Although colorectal cancer in children is rare, this case demonstrates that invasive disease can be diagnosed in the pediatric population. While GI manifestations of BMMRD are well described and fit the phenotype of our patient’s numerous adenomas and adenocarcinomas, our patient’s only true gastrointestinal symptom was rectal prolapse, making her diagnosis even more challenging until incidental findings on ultrasound. More importantly, she lacked the most common features of familial consanguinity or café-au-lait macules which would trigger further investigation into genetic disease. It is extremely important to recognize BMMRD given its association with additional cancers including brain tumors, hematologic malignancies, and rare cases of urologic malignancies (two previous cases of bladder/ureter malignancies and two cases of ureter/renal pelvis malignancies have been described). The European consortium “Care 4 CMMRD” published guidelines for diagnosis in 2014 [10]. Data was based on the knowledge of the disease from just 146 known patients. In 2017 Durno and colleagues expanded upon these guidelines with further diagnostic and surveillance recommendations for this vulnerable population [11]. Once the diagnosis of BMMRD was established in our patient, renal involvement was also considered given her initial presentation of a UPJ obstruction; however, review of ureteral pathology showed no evidence of malignancy.

Biallelic mutations have been reported in all four DNA MMR genes (MLH1, MSH2, MSH6, and PMS2). However, the majority of BMMRD patients with GI cancers report biallelic mutations in PMS2. In classic LS, monoallelic carriers of PMS2 variants have a lower penetrance for GI cancers. The combination of the early-onset cancer in the proband, later-onset cancer in the parents, and incomplete penetrance for PMS2-LS leads to a family history that is often negative [11]. This may also explain how two unrelated healthy individuals with heterozygote PMS2 variants would remain unaffected and produced offspring without being aware of his/her own risk of cancer development. Our case is unique in the fact that there was no consanguinity in the family. Forty-six of the 91 known families with BMMRD demonstrate either consanguinity or homozygosity for one mutation [10]. It is pivotal to identify the genetic cause in patients and their family members as it provides information pertinent to lifelong medical screening. In the end, it is paramount for clinicians to always recognize the potential for a rare disease diagnosis both to provide the best care for our patients and to expand the knowledge and recognition of disorders such as BMMRD.

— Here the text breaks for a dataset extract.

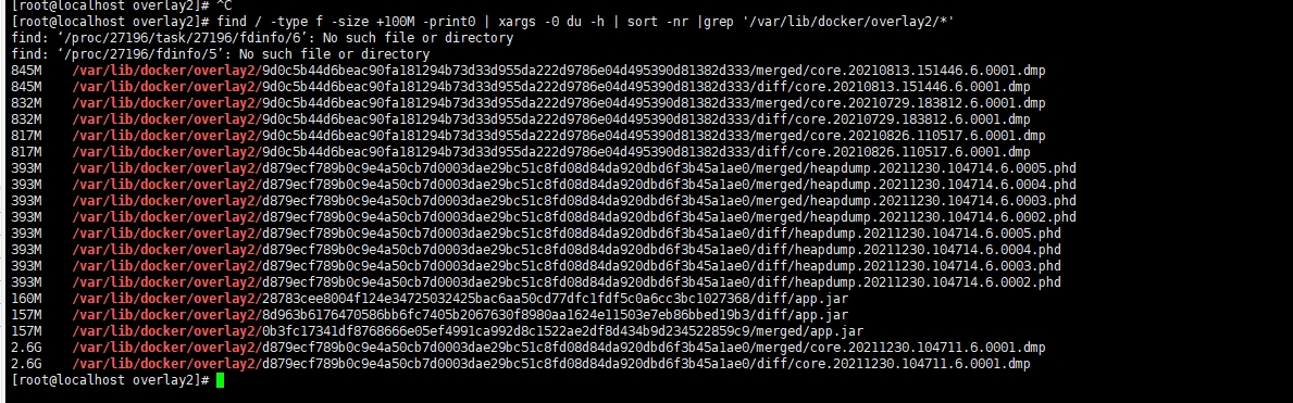 ex:我这里是查找 /var/lib/docker/overlay2/* 开头的且大于100m的文件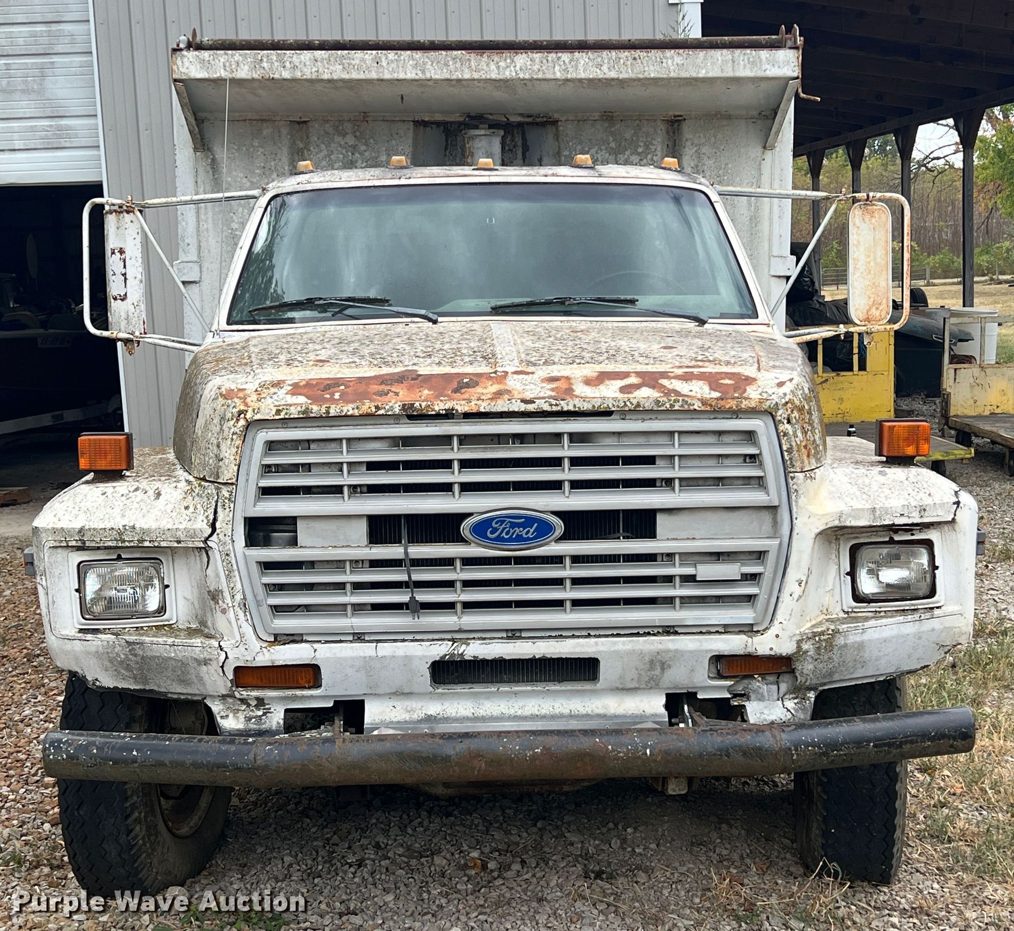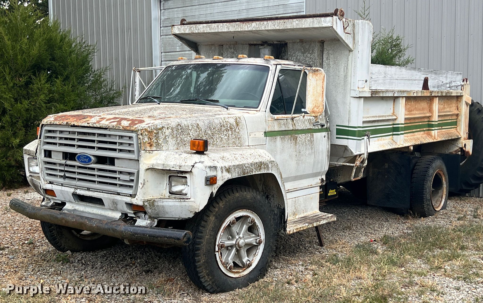 Purple Wave is selling a used Construction Dump Truck in Kansas. This item is a 1985 Ford F600 dump truck with the following: Miles: 265,416 on odometer, VIN: 1FDNK64NXFVA08252

Informed consent was obtained from parents on behalf of the patient prior to creation of this case report and is filed in the patient’s electronic medical record.


The authors have no financial relationships relevant to this article to disclose.

Conflicts of Interest

The authors declare that there are no conflicts of interest regarding the publication of this article.

Authors’ Contributions

Dr. Amber Hildreth and Dr. Mamata Sivagnanam managed the patient clinically early on during diagnosis and carried out the development of the manuscript. Dr. Mark A. Valasek and Dr. Irene Thung provided the pathology and immunohistochemical workup to support the diagnosis. Dr. Thomas Savides provided advance endoscopic care and contributed to the early care of patient as well as assisting in the development of the manuscript. Dr. Sonia Ramamoorthy was the surgeon involved in the care of the patient and also contributed to the development of the manuscript. Dr. Sherry C. Huang has expertise in Lynch Syndrome and is the current provider for care for the patient. Dr. Sherry C. Huang oversaw all levels of the development of the manuscript. All authors approved the final manuscript as submitted and agree to be accountable for all aspects of the work.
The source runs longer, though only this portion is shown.